Deve, portanto, ser usado como um documento de referência e o benchmark de como as Companhias Privadas de Segurança devem se comportar, sobretudo no sentido de não comprometer o contratante como cumplice, ou gerar qualquer responsabilidade solidária para o contratante, seja ele de que porte for.
No final de 2019 foi realizado um evento[10] com o objetivo de debater as principais questões de direitos humanos relacionados à segurança privada, nessa ocasião, foi abordado que na mídia brasileira há um histórico de casos graves de violência cometidos por profissionais da segurança privada no país. Dentre esses casos que foram a mídia estão registradas 34 ocorrências e 59 vítimas, mas supõe-se que esse é um número muito menor do que o real, tendo em vista possíveis casos que não foram divulgados ou subnotificação.
Eventualmente esses casos podem resvalar a imagem da empresa contratante, ou ainda gerar uma rescisão contratual da Companhia Privada de Segurança, como lamentável caso ocorrido em um supermercado na cidade de Porto Alegre, em 19 de novembro de 2020, onde dois seguranças de uma empresa de segurança contratada agrediram um cliente, de cútis negra, levando-o a óbito[11]. A rede de hipermercados, que tem um Código de Conduta[12] onde se compromete a respeitar e promover os Direitos Humanos, veio a publico se retratar[13], informando da rescisão contratual com empresa de segurança e fechando a loja onde ocorreu o episódio, no dia seguinte, que, por uma infeliz coincidência, foi o "Dia da Consciência Negra"[14], no Brasil. Apesar da nota de retratação, surgiu uma onda de boicote à rede de hipermercados, no país, bem como saques[15].
Tramita no Congresso Nacional o Estatuto da Segurança Privada, que se encontra parado no senado desde 2016[16]. O projeto de lei é fundamental para responsabilizar criminalmente empresas e agentes que cometam crimes, como o acima mencionado, no Carrefour em Porto Alegre.
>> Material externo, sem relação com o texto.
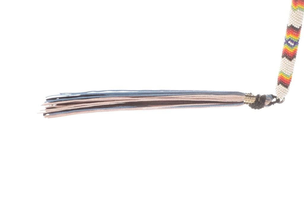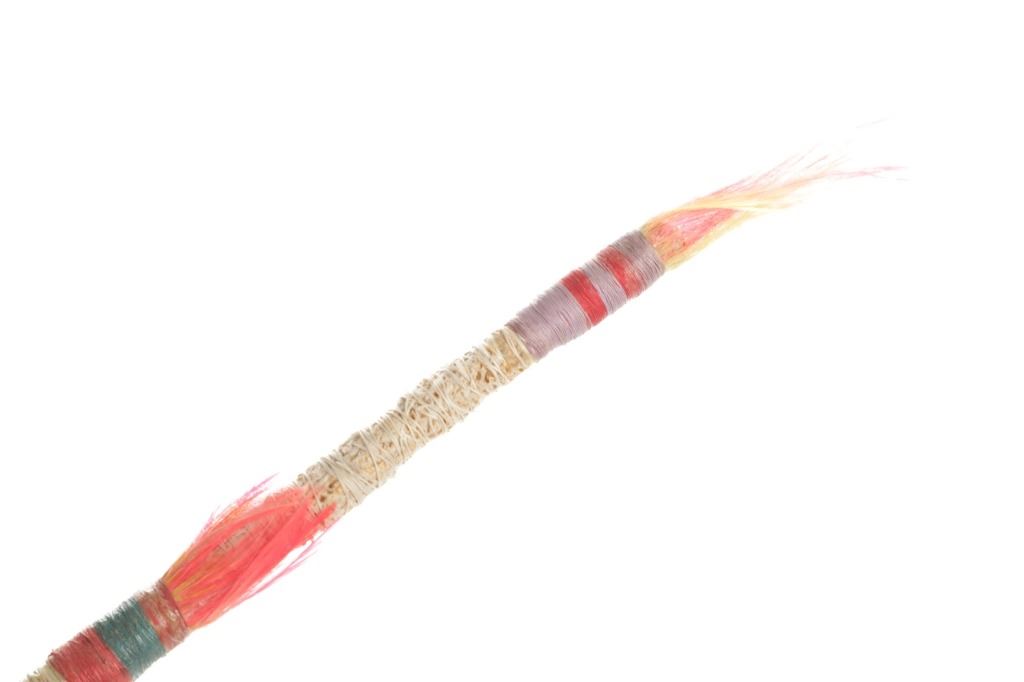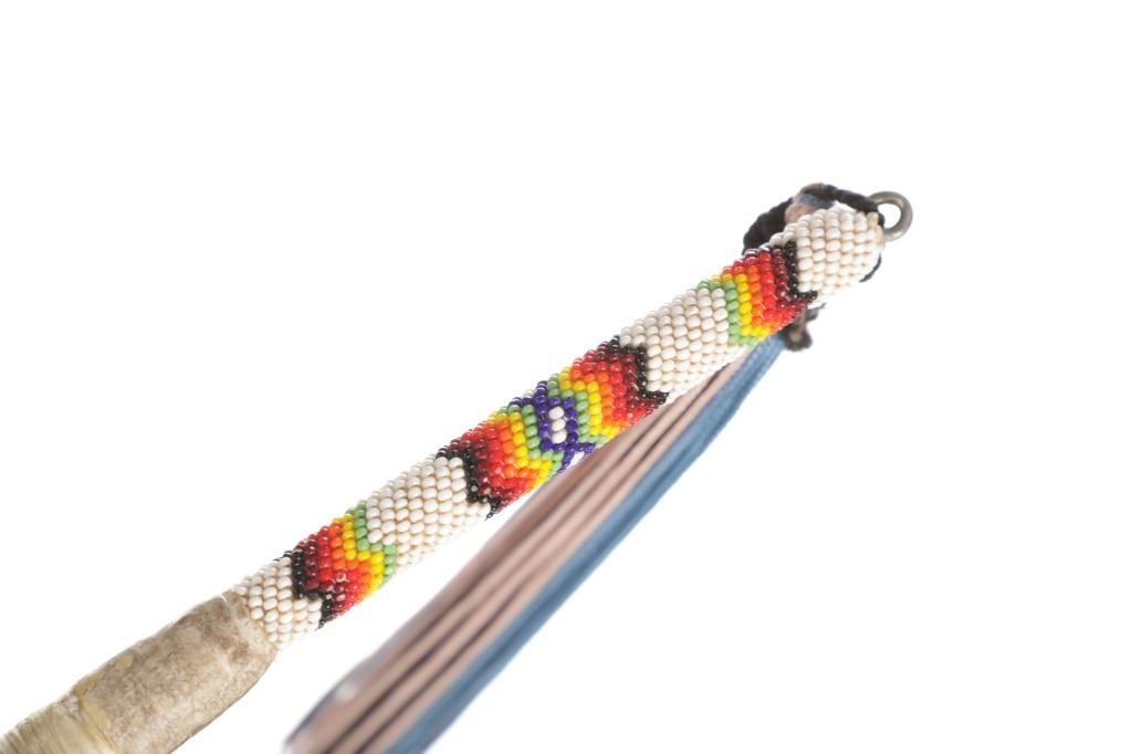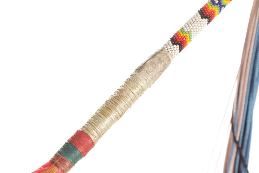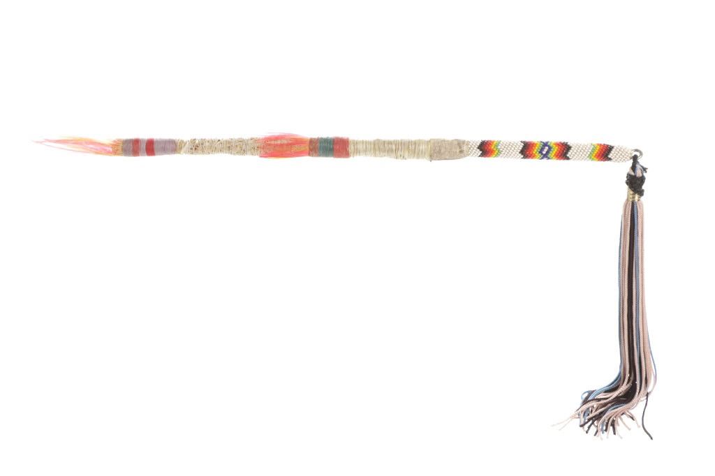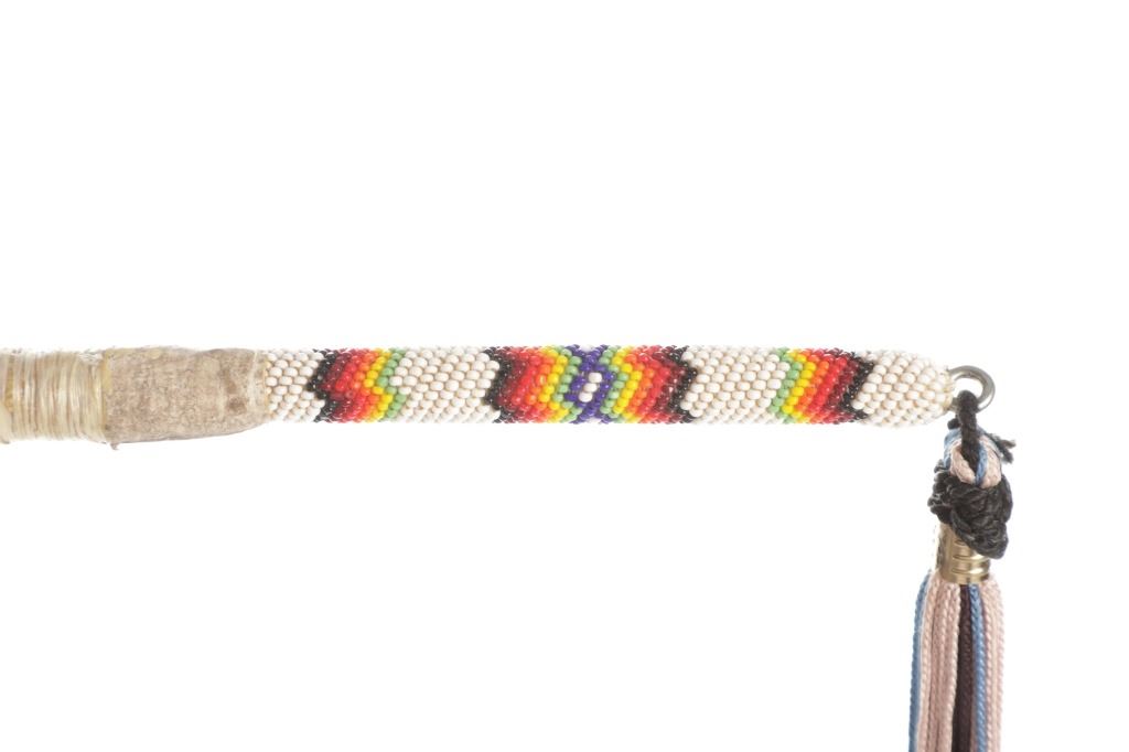 Featured in this lot is this beaded dancing wand from the Appalooska Crow tribe circa 1970's. This dancing wand features a lovely decoration of trade seed beads including chalk white, light green, medium red, orange, blue, maroon, and black. The dancing wand also features a sinew wrapped core with a small piece of Parfleche hide and dyed sinew wrapped around colored feathers. The top adornment is comprised of a swivel design with multi color sting hanging from it. The condition of this dancing wand is good with no obvious signs of damage and in good overall condition. The measurements of this dancing wand are 21"  x 1/2" x 1/2".

Além disso, o texto busca garantir que só profissionais devidamente treinados, certificados e com todas as obrigações legais atendidas possam atuar na vigilância patrimonial ou de valores. Para funcionar, as empresas precisarão de autorização da Polícia Federal[17].
Proteger, promover e respeitar os direitos humanos de forma vinculante constitui-se de fundamental importância, não só para os Estados, mas sobretudo para as empresas, que como se evidência, impactam, cada vez mais, as vidas de todos nós.
Por isso, quando de trata de empresas e direitos humanos, há a necessidade de due diligence[18], sendo necessário constante avaliação de riscos a esses direitos, objetivando mitigar quaisquer possíveis danos a quem quer que seja, e quando esses vierem a ocorrer há necessidade de fortes e transparentes mecanismos de responsabilização, reparação e indenização.